Abbreviations: AHI, apnea-hypopnea index, events per hour; CBD, cannabidiol; CGI-I, Clinical Global Impression-Improvement scale; CGI-S, Clinical Global Impression-Severity scale; MC, medical cannabis; MJ, marijuana; OSA, obstructive sleep apnea; PD, Parkinson’s disease; PLM, periodic limb movement; PSG, polysomnogram; PTSD, posttraumatic stress disorder; RBD, rapid eye movement sleep behavior disorder; RCT, randomized controlled trial; REM, rapid eye movement; RLS, restless legs syndrome; SCD, sickle cell disease; SE, sleep efficiency; SOL, sleep onset latency; SWS, slow wave sleep; THC, Δ9-tetrahydrocannabidiol; TST, total sleep time; WASO, wake time after sleep onset.

First, we provide an overview of cannabis and psychoactive compounds, the current state of the law as it pertains to the use of these compounds, and potential side effects and drug interactions. We then discuss the effects of cannabis on normal sleep, circadian sleep-wake rhythms, effects on sleep during withdrawal, and conversely, the effects of poor sleep on relapse to cannabis use. Finally, we discuss the impact of cannabis products on sleep-related symptoms and disorders, specifically, insomnia, excessive daytime sleepiness, sleep apnea, parasomnias such as nightmares and rapid eye movement behavior disorder (RBD), and restless legs syndrome (RLS).

Discussion

Overview of Cannabis and Related Products

Cannabis and psychoactive compounds

Cannabinol was the first compound to be extracted from the cannabis plant. In the 1960s, an Israeli researcher Professor Raphael Meacholeum isolated both cannabidiol (CBD) and Δ9-tetrahydrocannabidiol (THC) and demonstrated that THC was the psychoactive compound. There are over 500 different compounds in the cannabis plant. Phytocannabinoids account for over a hundred of these and include Δ9-THC, CBD, and cannabinol. The remainder are non-cannabinoids and include terpenes, phenolic compounds, and alkaloids.

Current state of the law

As of July 2021, recreational cannabis use has been legalized in 18 states in the United States (US) and the District of Columbia. Additionally, the use of medical cannabis is allowed and/or cannabis has been decriminalized in 37 states.

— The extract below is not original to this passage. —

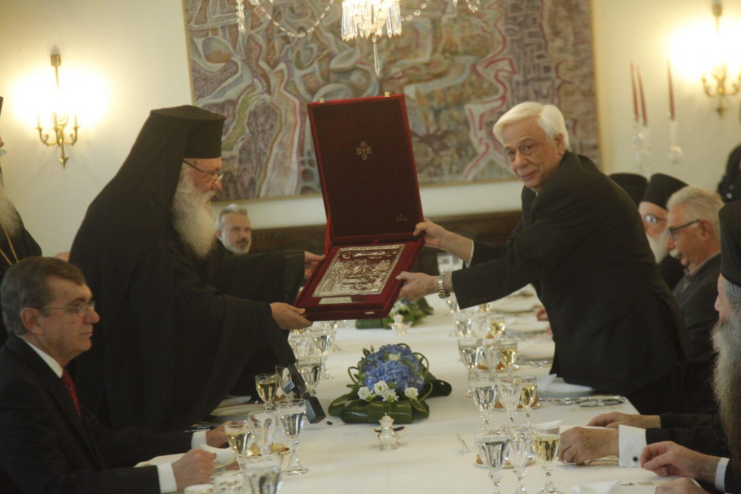 Έχοντες πείραν της ευσέβειας που Σας διακρίνει, ευχόμεθα ακλόνητη υγεία παρά Θεού, εύδρομη συνέχεια και ακμαιότητα δυνάμεων στο βαρυσήμαντο έργο Σας. Εις ένδειξιν ευχαριστίας για τη σημερινή πρόσκληση, επιτρέψτε μου, κύριε Πρόεδρε, να Σας προσφέρω την ιερή εικόνα του Αποστόλου Παύλου εν μέσω του Αρείου Πάγου, στην ιστορική εκείνη συνάντηση που γεφύρωσε την απόσταση που χώριζε τον αρχαίο κόσμο από τη χριστιανική σοφία».

∆9-THC is classified as a Food and Drug Administration (FDA) schedule I drug in the US. The Hemp Farming Act of 2018 bill legalized industrial hemp that contains a ∆9-THC concentration of less than 0.3% by removing it from schedule I of the Controlled Substances Act. However, CBD derived from hemp plants is not approved by the FDA for use in any medicinal or food and drink products. According to the Drug Enforcement Agency (DEA), CBD that is derived from cannabis plants with more than 0.3% THC is considered illegal. Furthermore, the DEA states that CBD products approved by the FDA and containing a THC level of less than 0.1% would be classified as a schedule V substance; currently Epidiolex™ (FDA-approved prescription CBD) is the only drug that meets these criteria.

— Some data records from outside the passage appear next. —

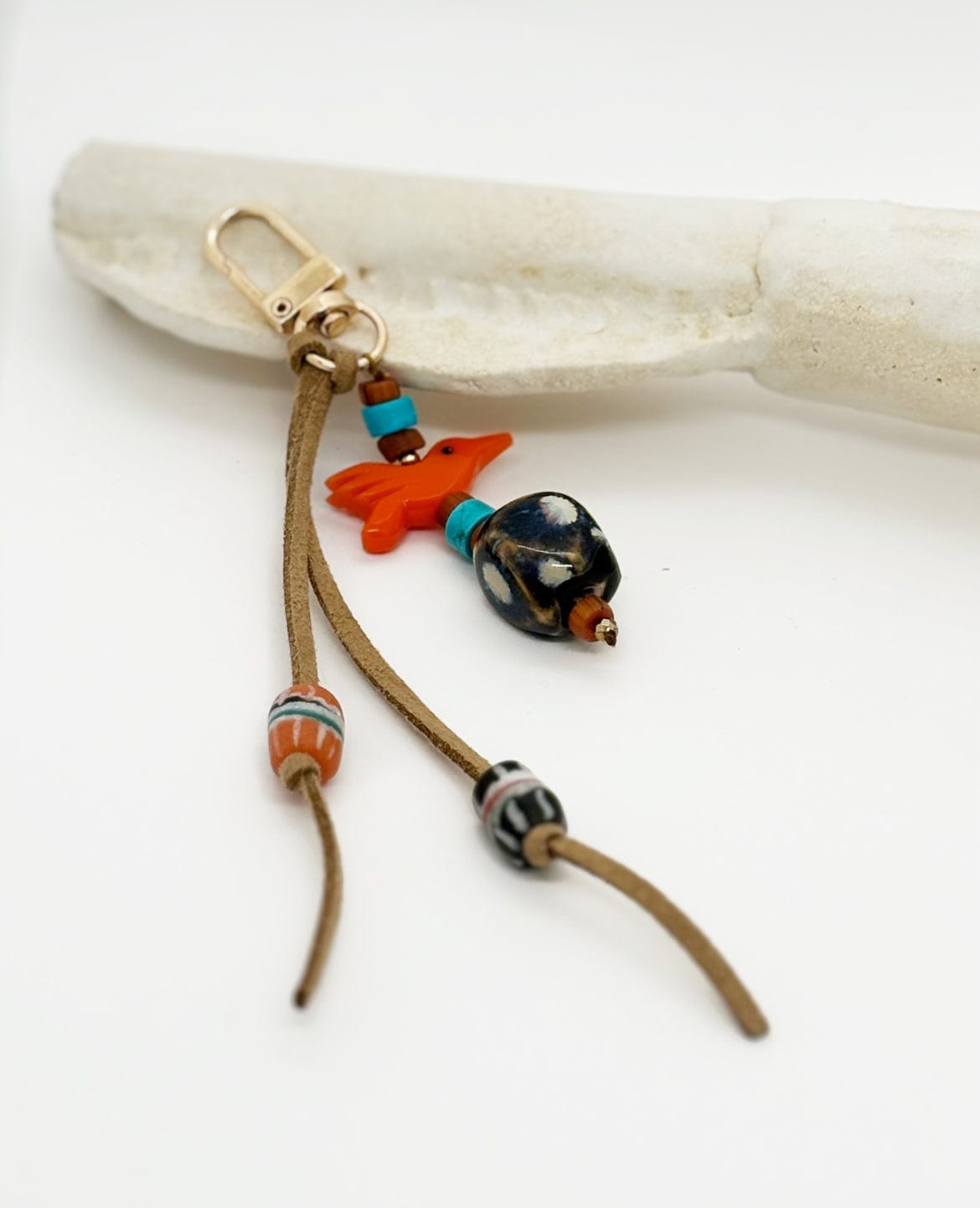 Le bijou de sac Plano, fabriqué à Paris, mélange perles en céramiques aux teintes naturelles, pierres sculptées naturelles et liens de suédine pour un esprit bohème et raffiné. Un accessoire unique qui sublime votre sac avec une touche artisanale et élégante.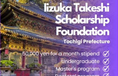 March 14, 2024 0 Comments Iizuka Takeshi Scholarship FoundationIizuka Takeshi Scholarship Last Update: Aug. 22, 2023 Organization Iizuka Takeshi Scholarship Foundation ... Read More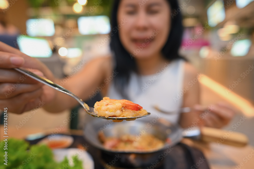 Smiling woman extends a spoonful toward the camera in a warm, inviting gesture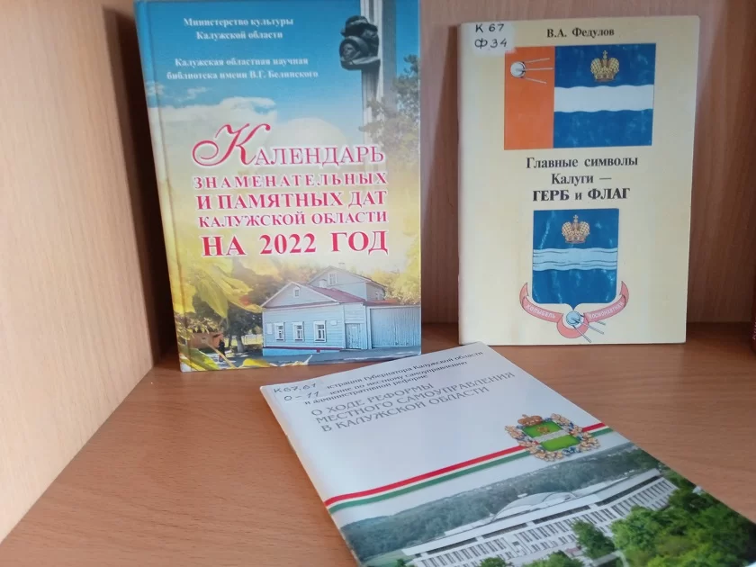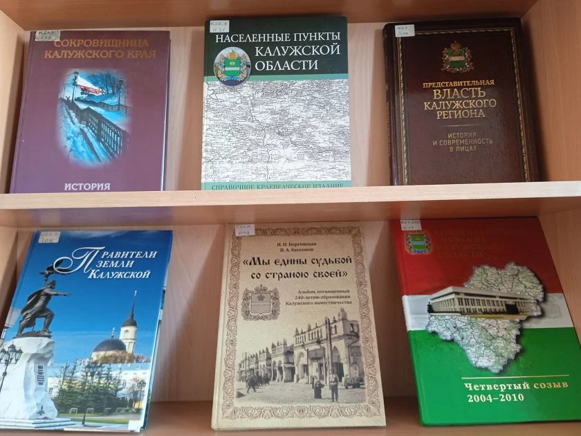 Книга «Правители земли Калужской» пользуется у читателей спросом. На ее страницах – информация о всех руководителях губернии, начиная с первого калужского наместника Михаила Никитича Кречетникова, назначенного на эту должность в 1777 году Екатериной II, и до наших дней. Также на выставке представлена и другая интересная литература, в том числе атласы Калужской области. Авторами этих трудов стали наши известные краеведы, историки, писатели Виталий Бессонов, Ирина Берговская, Владимир Скрипкин, Виктор Боев и другие.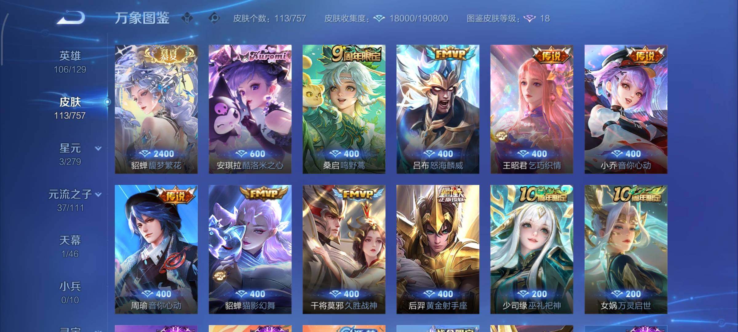 【精品推荐·馥梦繁花·酷洛米之心·乞巧织情·音你心动】【可二次】YXw10222-安卓WX-106英雄-113皮肤-8王者印记-220铭文-贵族积分2w【贵族7】【·1珍品无双·1珍品·星传说·8传说·1天幕·6按键】【因赛季更新游戏段付以上号为准!】

Despite the current legal climate, numerous private companies have started manufacturing and marketing CBD and other cannabis products to the public claiming health benefits. The FDA has tested many products claiming to contain CBD and found that they do not contain the stated level of CBD. The FDA has issued several warnings to firms that market these drugs. The FDA also cautions consumers about purchasing these products and states that these products are not approved for the diagnosis, prevention, or treatment of disease. Notably, once the use of marijuana was legalized in the states of Colorado, Oregon, and Nevada in the US and recreational marijuana sales began, medical marijuana patient counts decreased substantially.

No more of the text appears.